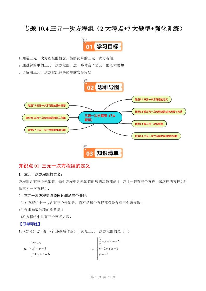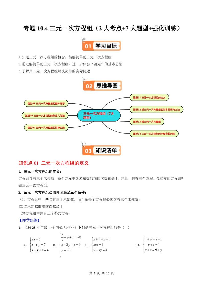 专题10.4三元一次方程组(2大考点、7大题型、强化训练)(原卷版)
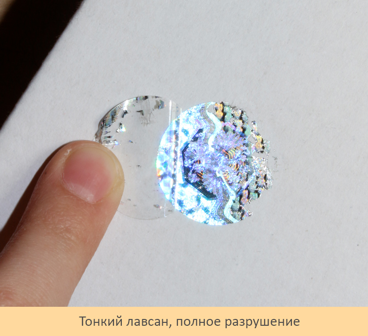 «Тонкий лавсан» - голографический материал с полным типом разрушения. Применяется в случае если нужно обеспечить максимальную защиту от переклеивания. При попытке снятия у голограммы отслаивается только верхний прозрачный слой. Голограмма тоньше обычной, что исключает автоматическое и полуавтоматическое нанесение на продукцию и немного усложняет процесс снятия голограмм с бумажной подложки (при ручном наклеивании). Тем не менее, голограммы на тонком лавсане применяются довольно часто.
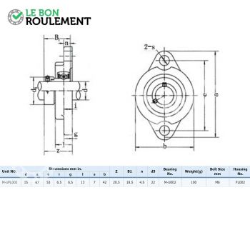 Unidad de rodamiento (aluminio) UFL002-INOX
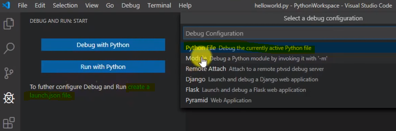 - [Run] -> [create a launch.json file.] -> [Python File Debug the curruently active Python file] 누리기

To do: Once the line containing "Unidad de rodamiento (aluminio) UFL002-INOX" is found, write it out exactly along with every line after it through the end of the listing, excluding pictures.

Answer section:
 Unidad de rodamiento (aluminio) UFL002-INOX
 - [Run] -> [create a launch.json file.] -> [Python File Debug the curruently active Python file] 누리기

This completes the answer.